New York Times Leasing Floor As Part of “Restacking” Effort
By Al Barbarino October 15, 2013 1:58 pm
reprintsAfter cutting away an “extra layer” of staff earlier this year, The New York Times is reportedly leasing out a full floor at its 620 Eighth Avenue headquarters as part of an ongoing “restacking effort.”
Times Co. is seeking a tenant for the tower’s 30,917-square-foot 21st floor – one of seven floors it still owns in the 52-story, Renzo Piano-designed skyscraper at West 40th and 41st streets, the New York Post reported.
The move is “part of an overall restacking effort,” Gregory Tosko of CBRE, who is marketing the space with Zachary Freeman, Ramneek Rikhy, Mary Ann Tighe, and Sacha Zarba, told the Post.

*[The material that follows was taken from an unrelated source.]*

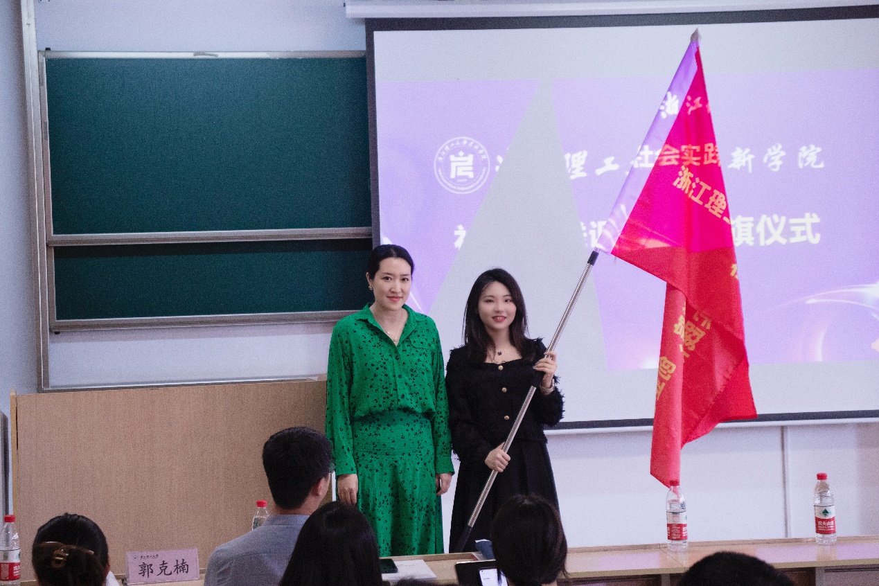 随后,举行了学院2024年度社会实践出征仪式,学院团委书记郭克楠对2024年度社会实践活动的目的、意义及工作安排进行了简要介绍。吕媛媛为实践队伍授旗。
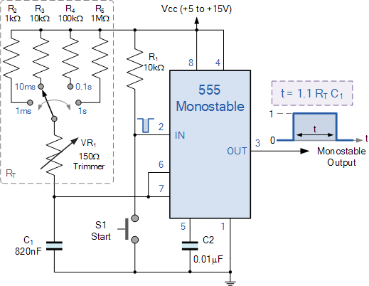 As you can see, the same time interval can be achieved using different combinations of resistance and capacitance — we have many options to choose from. In practice, C1 typically ranges between 0.001 µF and 100 µF, while R2 can be selected anywhere between 1 kΩ and 10 MΩ. If we want to select from multiple timing intervals within a circuit, we can use several resistors and switch between them with a selector switch. Another option is to replace R2 with a variable resistor (potentiometer). These two methods can also be combined:

In addition to a column-free floor with fine views and “advanced environmental features,” the Post noted that a new tenant will have access to the Times’ sweeping, glass-enclosed, red-floored cafeteria, which is said to serve everything from sushi rolls to meatball subs.
The building features time-saving elevators that select the most efficient path and cab for passengers based on floor selections made from the lobby, and automated blinds upstairs rise and fall with the level of the sun.
Earlier this year, Times editor Jill Abramson told Capital New York that recent buyouts and layoffs of about 30 staffers were “painful” but necessary as part of the ongoing integration of print and digital media.
“Some of the top jobs in the newsroom we sort of could no longer afford,” she told the publication at the time. “They’re great people, they’re incredibly talented, they’re Times people to the core, they do have amazing institutional memory, but in some ways, they were editors of editors. We just had a lot of layers … that’s just an extra layer that we can’t afford.”
In 2009, the Times sold 21 of its 28 floors to W.P. Carey & Co. and leased them back with an option to repurchase them in 2019 for $250 million, later leasing six of the floors to law firm Goodwin Procter.
During a second quarter earnings call Times’ CFO Jim Follo acknowledged that the company occupied the floor but that leasing it out was an option.